Apart from a number of spinouts (and a stray Brad Pitt fan ruining a shot to get a selfie), the manufacturing was miraculously accident-free, regardless of taking virtually two years to movie. Which may be due partly to the truth that, when you squint, it seems {that a} movie crew is comparable sufficient to an F1 crew to suit proper in.

“Everyone had to be prepared for those nine-minute shoot windows in the same way that you’d have to be ready for a pit stop,” Kosinski stated. “There was a really interesting kinship. And we really did feel like the 11th team after spending two seasons with them.”

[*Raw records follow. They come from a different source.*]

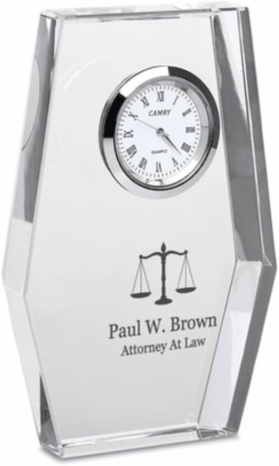 Solid Crystal base with inlaid quartz movement clock. White dial with black numbers and hands. Crystal base has beveled edges. Free laser engraving on the crystal below the Lawyer emblem. Packaged in a gift box. Dimensions: 4.75" Height x 3.1" Width x .9" Thickness.
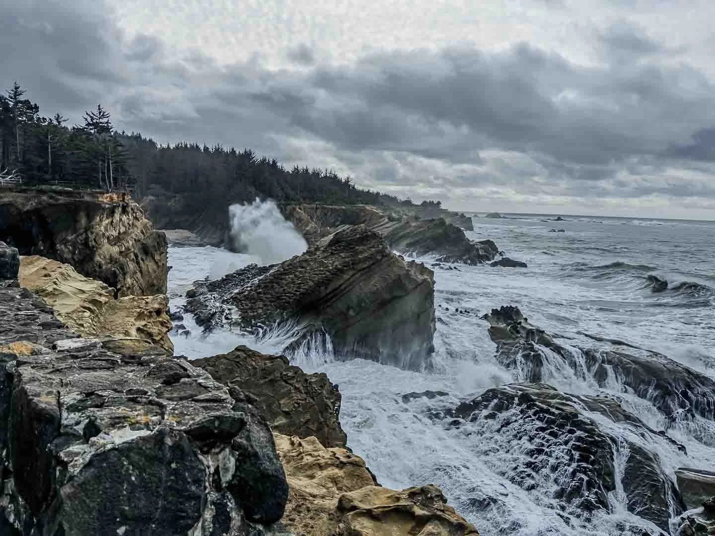 I was visiting my oldest friend and we drove to the coast of Oregon on a windy day, not nearly as much uproar as this image suggests. I think that’s just how it works on the Oregon coast. Lots of rocks and lots of water crashing against them.
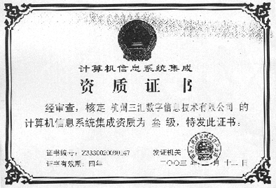按照《計(jì)算機(jī)信息系統(tǒng)集成資質(zhì)管理辦法(試行)》和《計(jì)算機(jī)信息系統(tǒng)集成資質(zhì)等級評定條件(試行)》,經(jīng)信息產(chǎn)業(yè)部計(jì)算機(jī)信息系統(tǒng)集成資質(zhì)認(rèn)證管理委員會(huì)審定,在不久前,信息產(chǎn)業(yè)部公布的計(jì)算機(jī)信息系統(tǒng)集成資質(zhì)證書企業(yè)名單中,杭州三匯數(shù)字信息技術(shù)有限公司獲得叁級認(rèn)證。
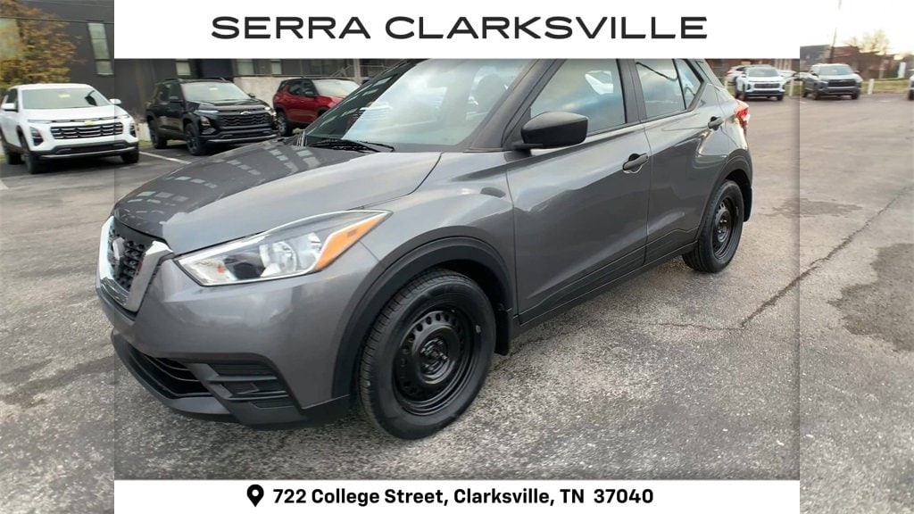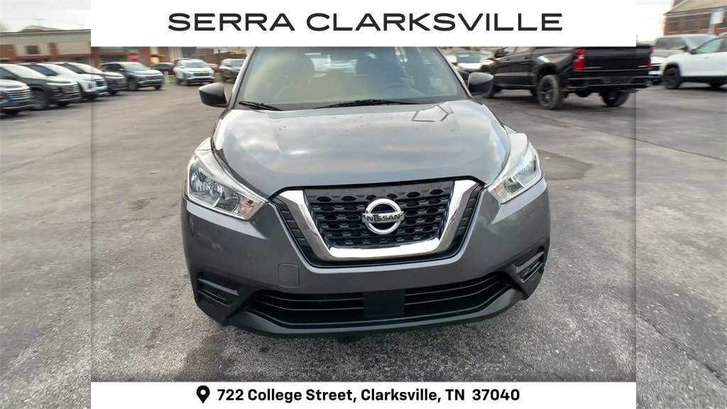 The Pre-Owned 2020 Nissan Kicks S with 1.6L 4-Cylinder DOHC 16V at Serra Clarksville. Well equipped: 16 Steel Wheels w/Full Covers, 3.927 Axle Ratio, 6 Speakers, ABS brakes, Air Conditioning, AM/FM radio, Auto High-beam Headlights, Blind Spot Warning, Brake assist, Bumpers: body-color, Carpeted Floor Mats w/Cargo Mat, Cloth Seat Trim, Driver door bin, Driver vanity mirror, Driver's Seat Mounted Armrest, Dual front impact airbags, Dual front side impact airbags, Electronic Stability Control, Front anti-roll bar, Front Bucket Seats, Front reading lights, Front wheel independent suspension, Fully automatic headlights, Illuminated entry, Knee airbag, Low tire pressure warning, Occupant sensing airbag, Outside temperature display, Overhead airbag, Panic alarm, Passenger door bin, Passenger vanity mirror, Power door mirrors, Power steering, Power windows, Radio data system, Radio: AM/FM Audio System, Rear Parking Sensors, Rear reading lights, Rear side impact airbag, Rear window defroster, Rear window wiper, Remote keyless entry, Speed control, Splash Guards Grain (4 Piece), Split folding rear seat, Sport steering wheel, Steering wheel mounted audio controls, Tachometer, Telescoping steering wheel, Tilt steering wheel, Traction control, Trip computer, and Variably intermittent wipers.
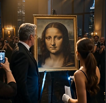The auction hall was silent in that expensive, controlled way — where every whisper carried weight and every glance had a price. Gold light washed over the towering canvases, and the room held its breath around one masterpiece everyone wanted… but only one man already owned.
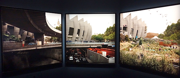 Caroline Delmotte et Gildas Etvenard. Le Tour de l’Île (2018). Leurs trois triptyques sonorisés ont des formes de retables en photos : des lieux de l’Île-de-France vus après les énergies fossiles, la voiture, dans la dépendance de la mobilité numérique. Dans « Porte Saint-Cloud », au centre, le présent, celui de tous les possibles, à gauche celui qui a subi la grande accélération jusqu’à l’effondrement, à droite un monde qui aura réagi à temps pour choisir une vie axée sur les rapports de proximité avec des jardins à la place des infrastructures. A nous de choisir. Un peu comme dans les tableaux du Jugement dernier, façon Jérôme Bosch…
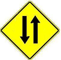 (3-)What is the meaning of this sign? A: Traffic will be in both directions. |
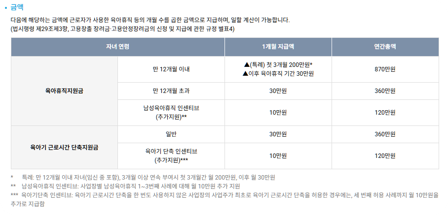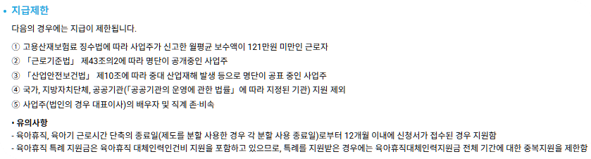 3. 육아휴직 사업주 지원금 금액 및 지급 제한
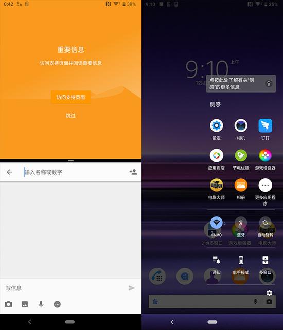 在功能性上,索尼Xperia 1还为我们带来侧面感应功能,通过点击屏幕边缘可呼出应用列表,可根据你最近的使用情况、时间、地点和其他手机使用方式,选择你最想使用的应用程序。另外,还能选择两个应用进行分屏使用,同时操作两个应用程序。
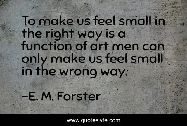 This page presents the quote "To make us feel small in the right way is a function of art men can only make us feel small in the wrong way.". Author of this quote is E. M. Forster. This quote is about small, men, way,.
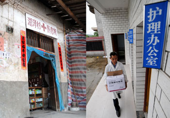地處偏遠山區(qū)的江西分宜縣湖澤鎮(zhèn)湖澤村衛(wèi)生院前身(左)和新建的湖澤村衛(wèi)生院,一名藥劑師在搬運藥品(右)。該村衛(wèi)生所未建之前狹小、陳舊,村民就醫(yī)環(huán)境差,現(xiàn)在讓村民足不出村就可享受到較好的醫(yī)療服務(wù)。記者

The second that sticks with Miranda is from the tip of the manufacturing, in Abu Dhabi, when all the true F1 groups bought their vehicles out for one grand scene collectively — a million-dollar setup, to undersell it by a number of digits. “In the beginning, it did feel like we were this annoying little buzzard,” Miranda stated. “I think that’s why I got really emotional when everyone wanted to help us out in the final race and bring the cars out. Because it felt like, at the end, we were kind of loved.”